Yesterday I actually felt sorry for my son. After school, he had two hours of Hebrew school and a one-hour hockey practice ahead of him. Somewhere in between he had to fit math and social studies homework, 20 minutes of independent reading, and piano and trombone practice. (He really didn't have to practice trombone because yesterday was his first band lesson in school. But he was excited about it and wanted to play it, and who can blame him for that?) Also on this 9-year-old's to-do list: eat and just be a kid.

It came way too close to my own frenetic adult schedule, which--on a day I was supposed to work at home--included a two-hour commute and four hours in the office, having to pick up my son and drive him to Hebrew school, a quick trip to the store to buy underwear, consultations with the workers in my backyard who are building us a new deck, getting two boys dressed and driven to separate hockey practices, and attending an open house at the school to meet their teachers. Dinner? Three brussel sprouts and a chocolate yogurt on the run.

Are our lives crazy or what? Worse, are we making our childrens' lives crazy? I ask myself this every time I look at the big calendar on the kitchen wall where I have all their activities written down.
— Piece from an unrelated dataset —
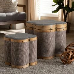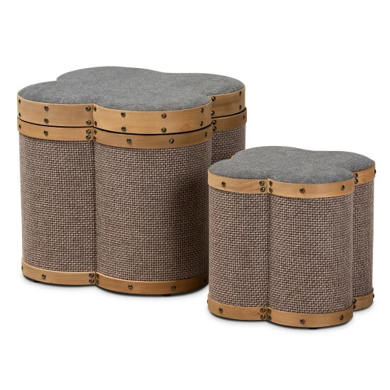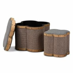 Fabulous, alluring, and artful, these ottomans are sure to lend a lively splash to home decor. The exterior of the pieces are covered in a knitted fabric for a soft, warm, and welcoming touch. Oak brown finished wood bands accented with metal studs line the edges of the ottomans to add rustic charm.

I don't mean to pile things on, but with regular school and religious school, music lessons, and a few sports, before you know it you have an overscheduled kid.

Unfortunately, I don't have the perfect solution to this quagmire. Whenever we add a new activity, I try to cut another one out. (This year, Hebrew school took precedence over swimming lessons and Cub Scouts for my older son; hockey replaced karate and swimming for my 6-year-old.)
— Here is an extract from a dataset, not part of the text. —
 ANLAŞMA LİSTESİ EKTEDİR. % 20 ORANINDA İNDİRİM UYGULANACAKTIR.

Even more important is to recognize that no schedule is set in stone. I always listen to my kids and try to gauge what they can handle. If either one seems ill, tired, or overly stressed, we just skip the activity, with no recriminations, no guilt.

Yesterday my son begged me to let him miss Hebrew school. He told me he knew it was important, that he'd go next week, that skipping it once would not turn into a regular routine. Then I looked at his face, I read his voice, and I couldn't give him a good reason at that moment to make him go. At the end of the day, I had a much happier boy.